Task description | Your task is to return exactly the lines that run from the one containing "indoor antennas. To" through the end of the listing below, without any pictures.

━━ Provided data

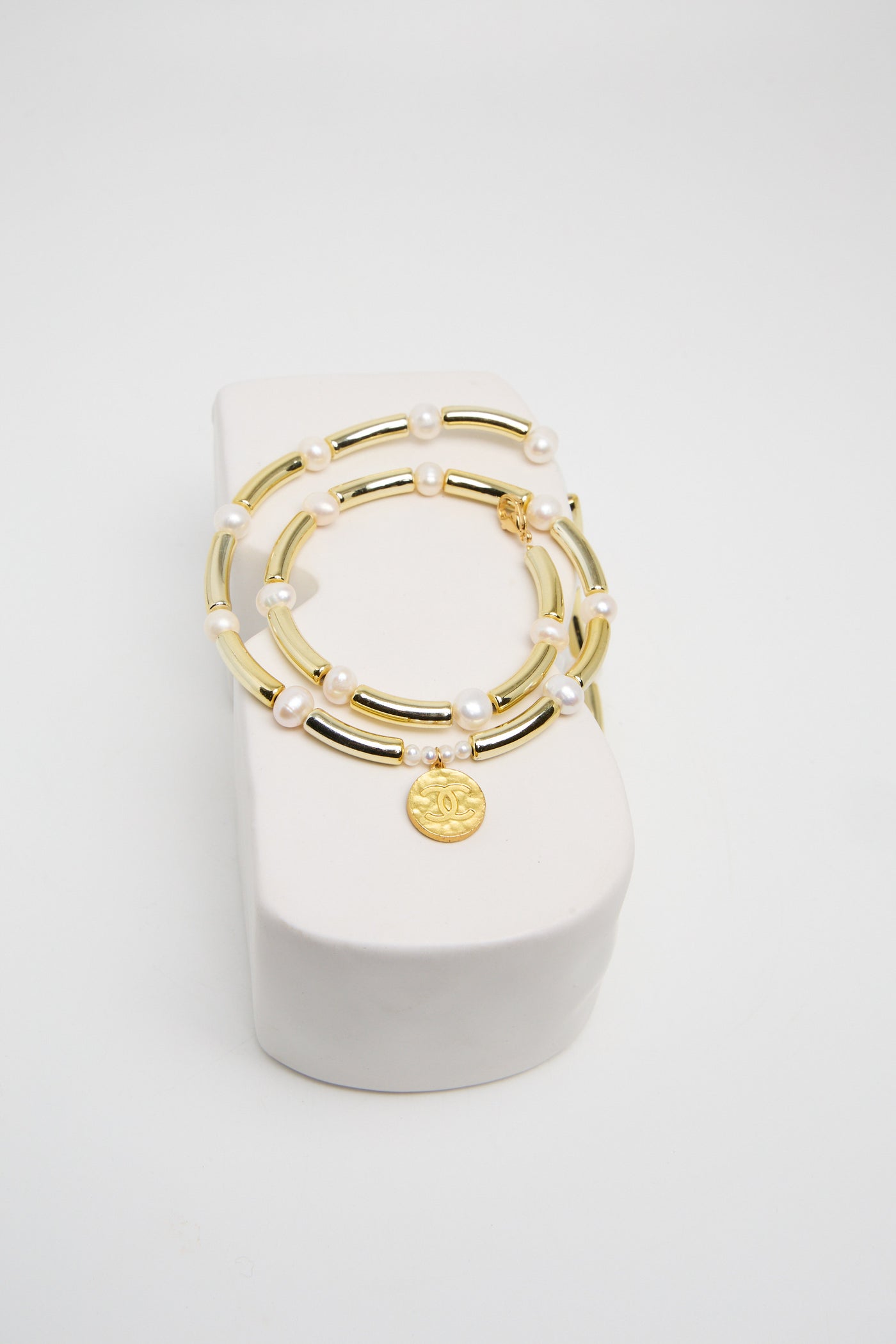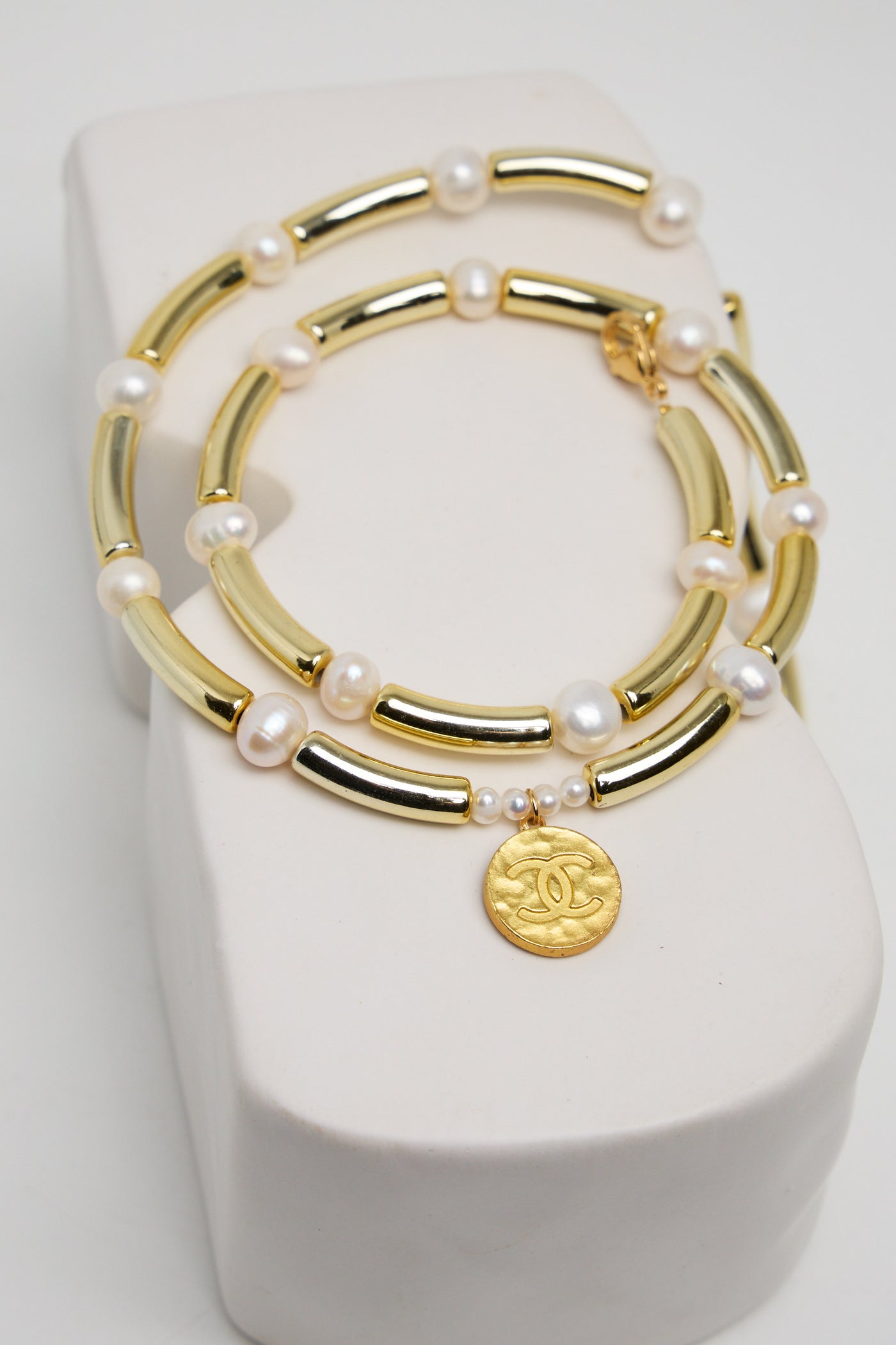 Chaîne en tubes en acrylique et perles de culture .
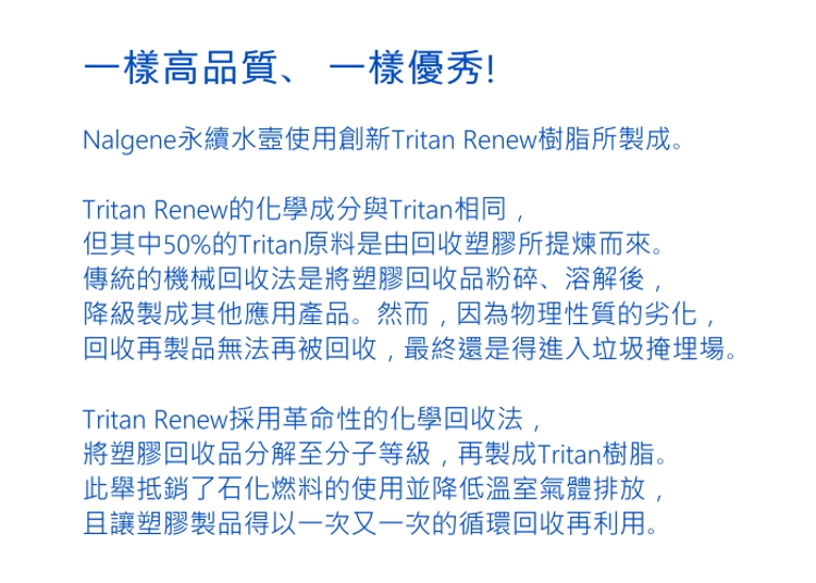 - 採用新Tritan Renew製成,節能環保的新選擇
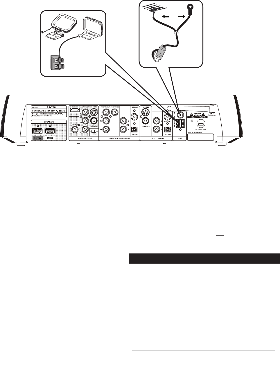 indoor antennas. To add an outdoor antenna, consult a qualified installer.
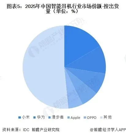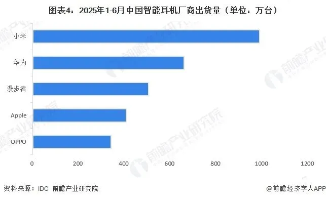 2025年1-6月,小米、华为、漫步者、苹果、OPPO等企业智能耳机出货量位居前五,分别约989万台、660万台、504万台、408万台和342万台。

━━━━

Output |
 indoor antennas. To add an outdoor antenna, consult a qualified installer.
 2025年1-6月,小米、华为、漫步者、苹果、OPPO等企业智能耳机出货量位居前五,分别约989万台、660万台、504万台、408万台和342万台。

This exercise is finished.